Something is very wrong with my mental state. I have been diagnosed with anxiety, severe depression and ADD. I will list some things that I have noticed with my behavior to my therapist. But all she does is connect it with already diagnosed issues. Most of the time it makes sense and other times it doesn't. I find myself desperately searching for an answer. I know something is very wrong, here are somethings i have noticed: I will find myself constantly fighting the urge to clean my already clean room, constantly asking someone if i am annoying or seeking reassurance but never believing them, purposely reopening a healing cut, i am starting to hear random noises (not voices), when entering a room with any number of people i feel they are judging me, I constantly look into a room before entering it, I was convinced people could read my mind, I was convinced someone was watching me through my phone and computer. That is just a few random ass examples, a couple of other major examples are not being able to shake sexual thoughts when they come up and always becoming questionable of my own judgement (basically having existential crisises)
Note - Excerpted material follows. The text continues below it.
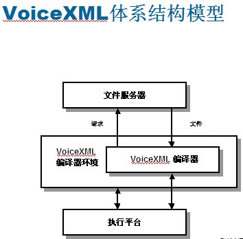 VoiceXML設計的工作原理:語音應用程序作為系列頁存儲在類似于網絡服務器的文件服務器上。從實現平臺接收到輸入呼叫時,VoiceXML編譯程序會向文件服務器發(fā)出一個特定URL請求,就像用戶瀏覽網絡時輸入網站地址一樣。文件服務器可以與編譯程序直接相連,也可以設置在外部,通過本地網或互聯網的IP協議訪問。他們可以保持應用程序的服務邏輯,可以提供數據庫查找與其他系統操作功能。
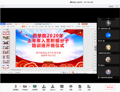 为加强韦德体育入党积极分子党性意识,深化入党积极分子对党的基本理论、基本路线和基本纲领教育,2020年4月17日中午,药公司党总支员工党支部于线上召开2020年上半年入党积极分子培训班开班动员仪式。药公司党总支书记詹昌明、党总支副书记叶婧、专职党建员陆辉出席会议,会议由员工党支部书记钟旭芬主持,21名员工入党积极分子参加本次开班动员仪式。

I'm new,Please help me: Something is... - Above & Beyond - ...
I'm new,Please help me
Hi there ohwowlookatthat
Welcome to our Community.
Really sorry you're suffering like this. From what you've said part of your behaviour sounds like OCD but others are very different. Personally, I would ask your doctor to refer you to a psychiatrist rather than a therapist for diagnosis but remember you need to be totally honest with them and upfront about what's happening and do tell them what you've told us.
Keep in touch and let us know what's happening.
Take care
Chloe
Welcome. Follow Chloe's advice. You seem to have good insight into your symptoms.
To a once-fellow sufferer, your condition seems to manifest itself as complete lack of self-worth leading to extreme nervousness in many situations. I've been there. The sensible reply above seems like a right first step. Further, all i can say is, Try not to feel guilty about it!
i hope you get all the help you need.